At some point you'll likely also need cash. Start talking to your friends and family. Tell them about your idea, tell them you need money (be specific to how much), and ask them if they're interested in investing or if they know anyone that might be. You might not know rich folks with $50k laying around. It's amazing, however, how many times pizza delivery friend Jamie has a rich aunt Gertrude.
Testing the Idea
Build a simple "coming soon" page that gives a brief synopsis of your idea. Open a Google Adwords account to drive people to it and see if you can find some combination of an ad headline, ad copy, and landing page content that gets people to give you their email address.

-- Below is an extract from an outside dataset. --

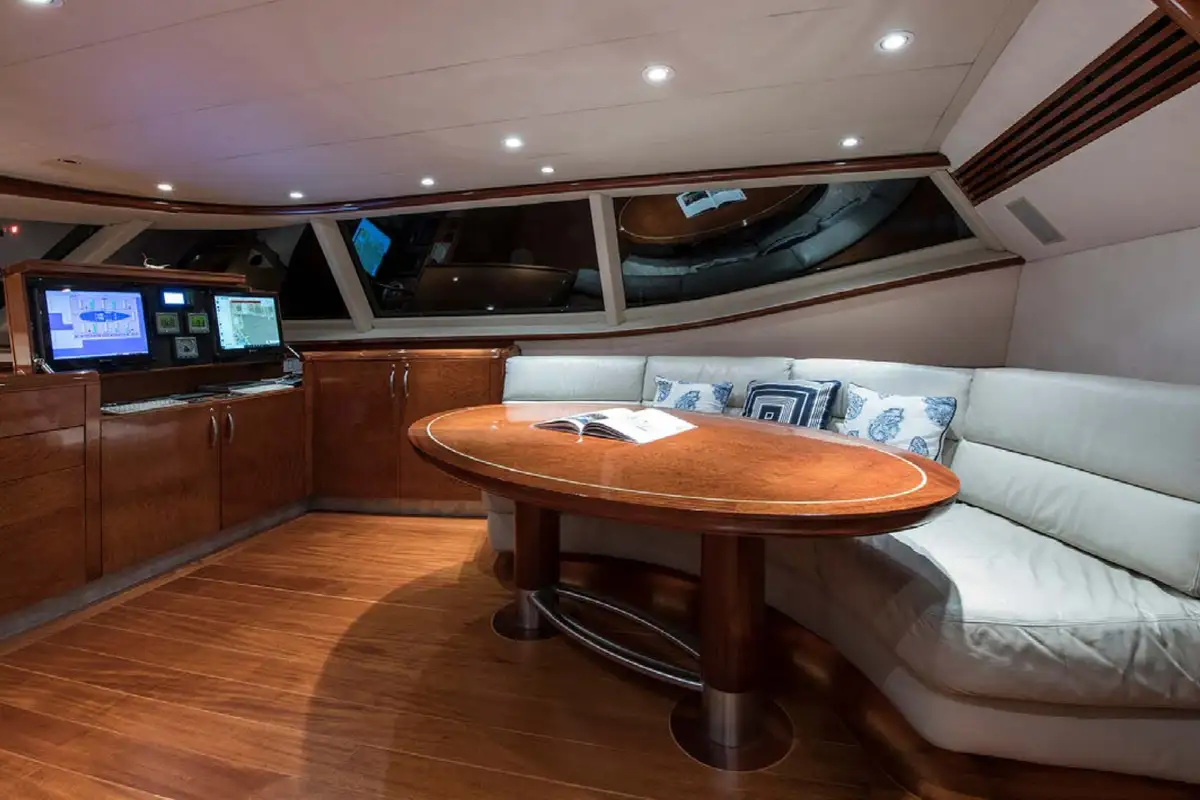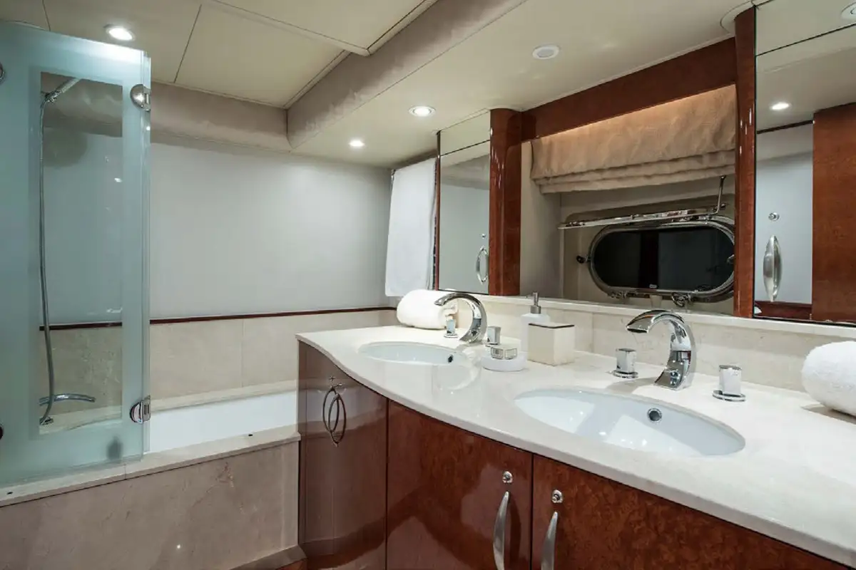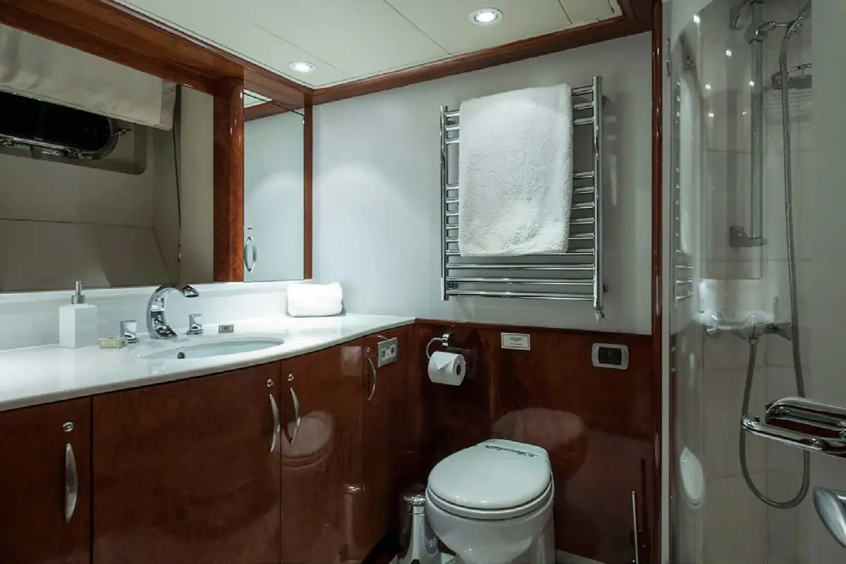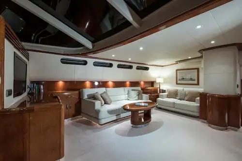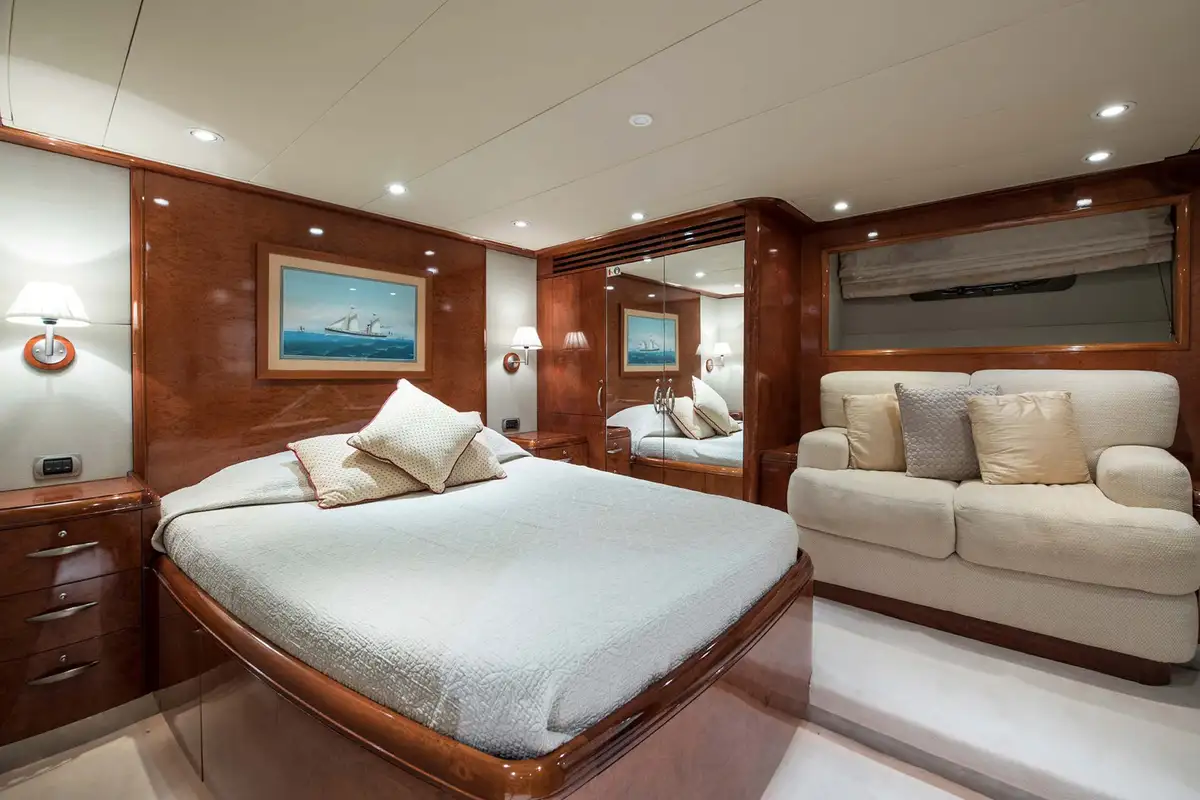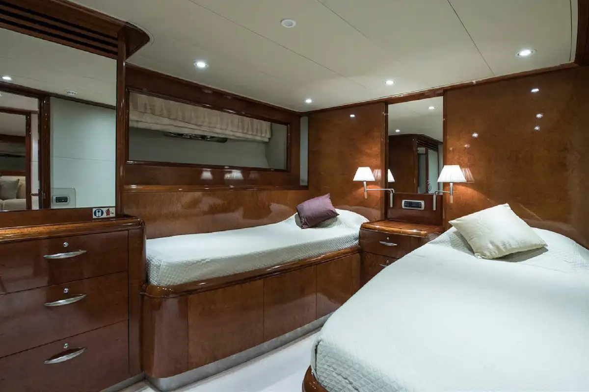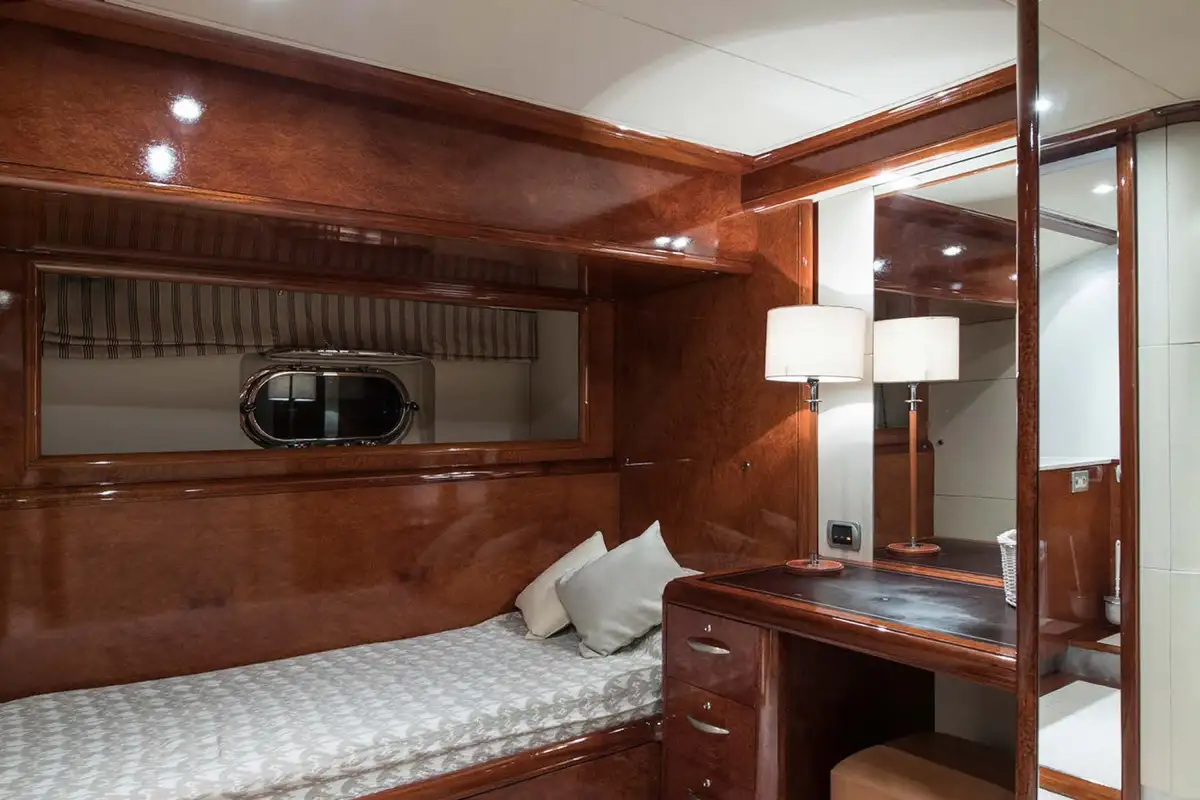 THANDEKA’s accommodation is located on the lower deck and includes a full-beam master suite to the rear. This elegant space features a central berth facing a large-screen TV and a writing desk. There is also sofa seating and an en suite bathroom with his and hers sinks. Further guest suites comprise a second double suite and two twin-berth cabins, one of which has a single bed with a pullman berth in a bunk configuration, making THANDEKA well-suited to families and groups.

Talk to those people, along with your friends and family and see if they'd use your product. You'll also want to find other ways to meet people that might pay for your product or service and talk to them about it too.
If they Like It, Make It
If it's a physical product, you'll need to build physical prototypes. If it's software, you'll need to build a rough and dirty prototype. Either way, once you build it, you'll need to take it back to the people you've been talking to and have them try it.
If they Still Like It, Make More
Once you've got people excited about a rough version of your product, it's time to make a version polished enough to sell. If it's physical, you'll do a small production run. If software, you'll build a polished "minimum viable product" or MVP for short. An MVP is the smallest implementation of the idea that people will pay for (or use a lot if you plan on an ad revenue model).
And Don't Give Up
If at any of the above phases, you don't get strong positive responses from people, you'll need to make change and repeat that step until you do.
You'll also need to raise extra money between many of the steps. Most startups these days take hundreds of thousands to millions of dollars before they get good traction, and often hundreds of millions before they start turning a profit.
It takes a decent idea, and a lot of hard work and cash to bring a new idea to life. Often the one thing that separates success from failure is your will and ability to stay the course and try one more thing.